Re: Removing Duplicate Records

am 14.07.2009 19:42:57 von Brent Baisley

That's assuming that there is a unique identifier field, like an auto
increment field. Although that could be added after the fact. Also,
you need to run the query multiple times until it returns no affected
records.
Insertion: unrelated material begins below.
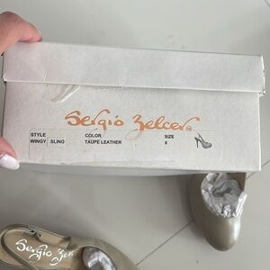 EUC Sergio Zelcer Wingy Sling Taupe Leather Heels SZ 8

So if there are 4 copies of a record, it would need to be run
3 times to get rid of all the dups.
But I agree, that is the best way to remove duplicates in place
provided the table is not too large.

Brent Baisley

On Tue, Jul 14, 2009 at 11:52 AM, Marcus
Bointon wrote:
> You can combine the two queries you have in option 3 (you'll need to change
> field names, but you should get the idea), something like this:
> DELETE table1 FROM table1, (SELECT MAX(id) AS dupid, COUNT(id) AS dupcnt
> FROM table1 WHERE field1 IS NOT NULL GROUP BY link_id HAVING dupcnt>1) AS
> dups WHERE table1.id=dups.dupid;
> Marcus
> --
> Marcus Bointon
> Synchromedia Limited: Creators of http://www.smartmessages.net/
> UK resellers of info@hand CRM solutions
> marcus@synchromedia.co.uk | http://www.synchromedia.co.uk/
>
>
>

--
MySQL General Mailing List
For list archives: http://lists.mysql.com/mysql
To unsubscribe: http://lists.mysql.com/mysql?unsub=gcdmg-mysql-2@m.gmane.org

Re: Removing Duplicate Records

am 14.07.2009 22:00:42 von Matt Neimeyer

Ah... Yes. Good point. I like this because I was planning on keeping
the output somewhere for a while. (In case we need an "accounting" at
some point) So it will be easy enough to dump what's being deleted to
the screen while we loop over our candidates.

Thanks!

On Tue, Jul 14, 2009 at 10:16 AM, Nathan Sullivan wrote:
> If you went with option #3, you could avoid the looping by using (tCount - 1) as the LIMIT in
> the delete statement instead of always using 1.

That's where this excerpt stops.